Finalmente, a 25 de Novembro de 1975 as forças políticas moderadas venceram e a democracia entra na fase de velocidade de cruzeiro e para isso muito contribuiu o movimento de oposição à radicalização política – Documento dos Nove liderado pelo Major Melo Antunes – e a intervenção do Presidente da República Costa Gomes, pois, consta-se que a 24 de Novembro o Presidente de então reuniu com Álvaro Cunhal e o que fica claro é que o confronto que estava a ser organizado pelo Otelo Saraiva de Carvalho para o dia seguinte (25 de Novembro), não obteve a colaboração prometida do Partido Comunista.

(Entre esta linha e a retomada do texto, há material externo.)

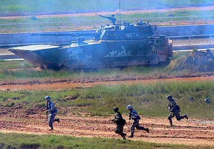 Hải quân Nga và Trung Quốc tham gia cuộc tập trận “Phối hợp hàng hải 2016” tại Trạm Giang (Quảng Đông). Ảnh: AP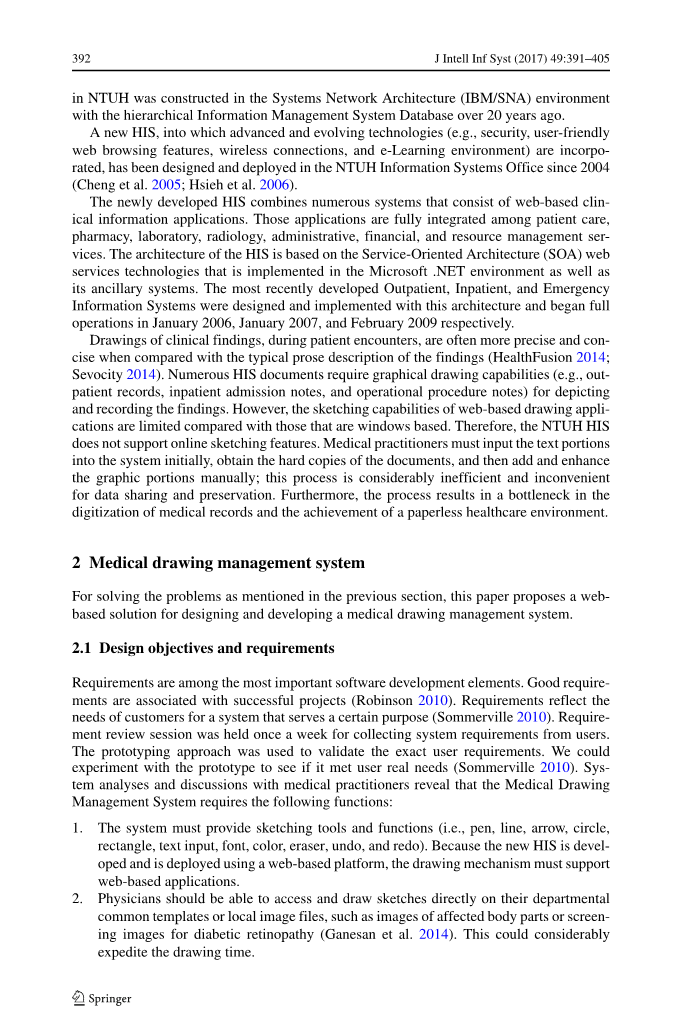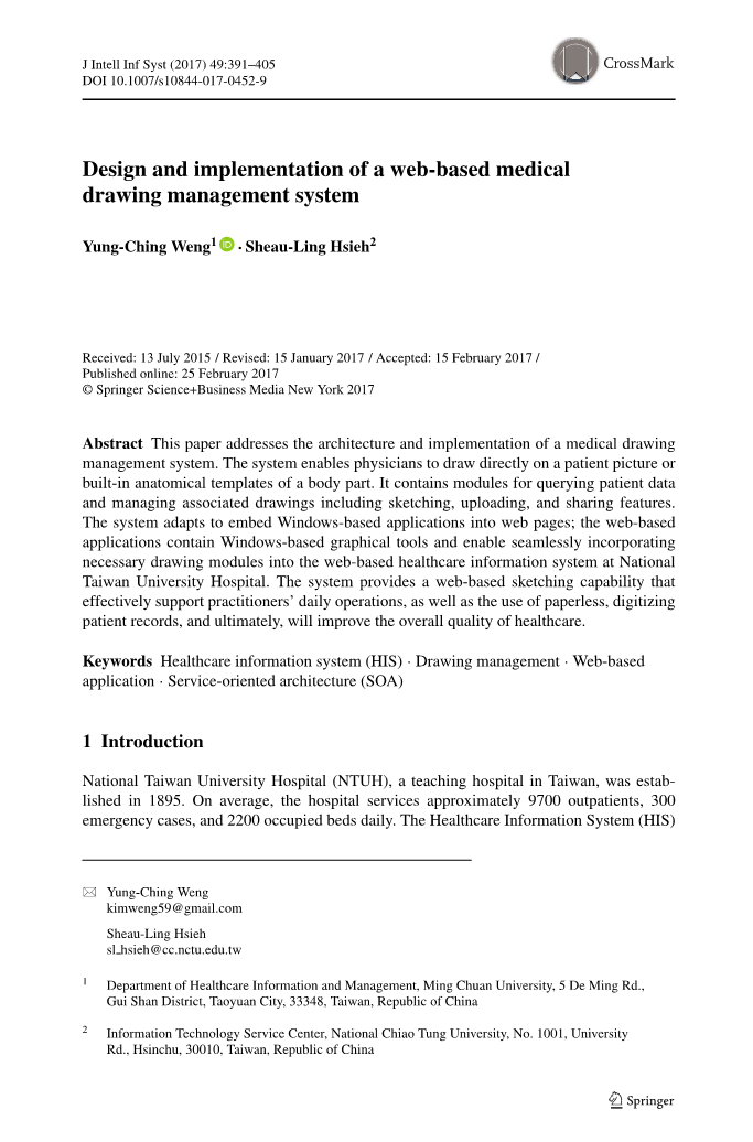 在患者患病期间,临床发现的图纸通常与结果的典型散文描述相比更精确和更精确(HealthFusion 2014; Sevocity 2014)。 许多HIS文件需要图形绘制功能(例如,患者记录,住院患者入院记录和操作程序说明)以描绘和记录结果。 然而,与基于窗口的应用程序相比,基于Web的绘图应用程序的草图绘制功能受到限制。 因此,NTUH HIS不支持在线草图功能。 医务人员必须先将文本部分输入系统,获取文件的硬拷贝,然后手动添加和增强图形部分; 这个过程效率很低,不便于数据共享和保存。 此外,该过程导致了医疗记录的数字化和无纸化医疗保健环境的实现的瓶颈。

A constatação inquietante e sombria assalta-me o pensamento:
com quarenta anos de distanciamento facilmente apercebemo-nos que o pós-revolução não estava planeado convenientemente. O método é muito português: planeia-se o início depois esquece que todo o processo tem um meio e um fim. Com sucesso o golpe de estado ocorreu e depois? Foi o que se viu. A Constituição da Republica foi promulgada a 2 de Abril de 1976, reavivo a memória: Marcelo Caetano foi deposto a 24 de Abril de 1974. O amadorismo, a ingenuidade e a desorientação de uns foi flagrante, o que originou o aproveitamento de alguns hábeis que nada mais queriam se não a tão desejada vingança, o ajuste de contas e a tentativa da implantação de uma ditadura de esquerda.

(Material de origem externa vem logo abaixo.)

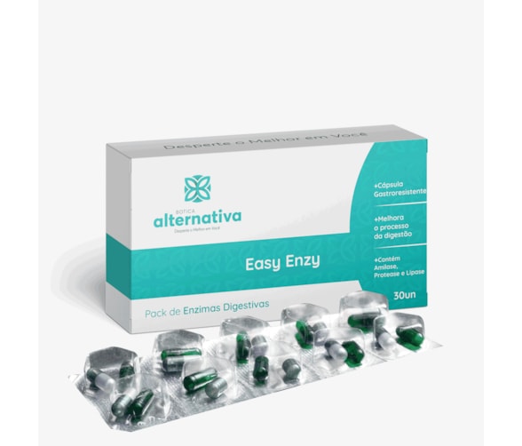 "Descubra o poder das enzimas digestivas com o Easy Enzy - Pack de Enzimas Digestivas 30 doses. Desenvolvido exclusivamente pela Botica Alternativa, este suplemento é formulado para proporcionar um suporte eficaz à digestão, permitindo que você aproveite ao máximo os nutrientes dos alimentos. Cada pack contém um mix cuidadosamente balanceado de Amilase, Protease e Lipase, enzimas essenciais para a decomposição de carboidratos, proteínas e lipídeos, respectivamente. Além disso, nossa fórmula inclui Pancreatina, uma combinação poderosa que ajuda na digestão e em deficiências pancreáticas, transformando gordura, proteína e amido em componentes mais facilmente absorvíveis pelo organismo.Com uma validade de 4 meses e um tratamento recomendado para 30 dias, basta tomar um pack 1 hora antes das principais refeições para sentir os benefícios. O produto é apresentado em duas cápsulas distintas: a primeira com Amilase, Protease, Pancreatina e Pepsina para atuação no estômago; enquanto a segunda, em cápsula gastroresistente, contém Lipase para absorção no intestino.Recomendado para adolescentes, adultos e idosos, o Easy Enzy é um aliado no combate à má digestão, azia e intestino preso. Isento de glúten e lactose, é seguro para uma ampla faixa de usuários, exceto aqueles com hipersensibilidade às substâncias. Não indicado para menores de 18 anos sem orientação médica. Gestantes e lactantes devem consultar um médico antes do uso. Garanta a eficácia do tratamento seguindo a posologia corretamente. Conclusivamente, em caso de sintomas persistentes, procure orientação médica. Priorize sua saúde com Easy Enzy, a solução prática e eficiente para seu bem-estar digestivo. Sob o respaldo e a expertise da Botica Alternativa, cada dose representa compromisso com a sua satisfação."

Passados quarenta anos sob o signo da democracia verifica-se que houve sempre tempo para as tomadas de decisões seguindo a natureza ideológica de grupos específicos e dos próprios interesses individuais e privados e nunca tempo para privilegiar os interesses de todos os cidadãos portugueses e assim evitar a consolidação da existência do cidadão de primeira (a jocosa corja elite portuguesa) e o cidadão de segunda (a maioria da população).
Quarenta anos de atribulações, ilusões, desperdícios, expectativas goradas e roubadas. Fomos e somos governados pela mediania intelectual com a agravante de serem permeável aos lobbies institucionalizados – nacionais e internacionais - que representam o grande fator obstaculizante no desenvolvimento económico próspero e sustentável da sociedade de um país ainda chamado de Portugal. Em quarenta anos de democracia contemporânea tivemos de implorar pelo auxílio monetário dourado do FMI três vezes, o que significa que a Nação Portuguesa sempre esteve alegremente hipotecada e confinada ao domínio dos outros donos legítimos: os credores.
Voltámos errantemente à democracia e continuamos uns divertidos errantes.
“Longe de ser o governo dos piores, a democracia moderna tem-se revelado o sistema onde os piores só governarão por algum tempo.” Romeu de Melo [in Reflexões] tem toda a razão e são argumentos tónicos. Todavia, não é suficiente, precisamos de uma democracia participativa e não representativa para que os medíocres intelectuais não cheguem à governação.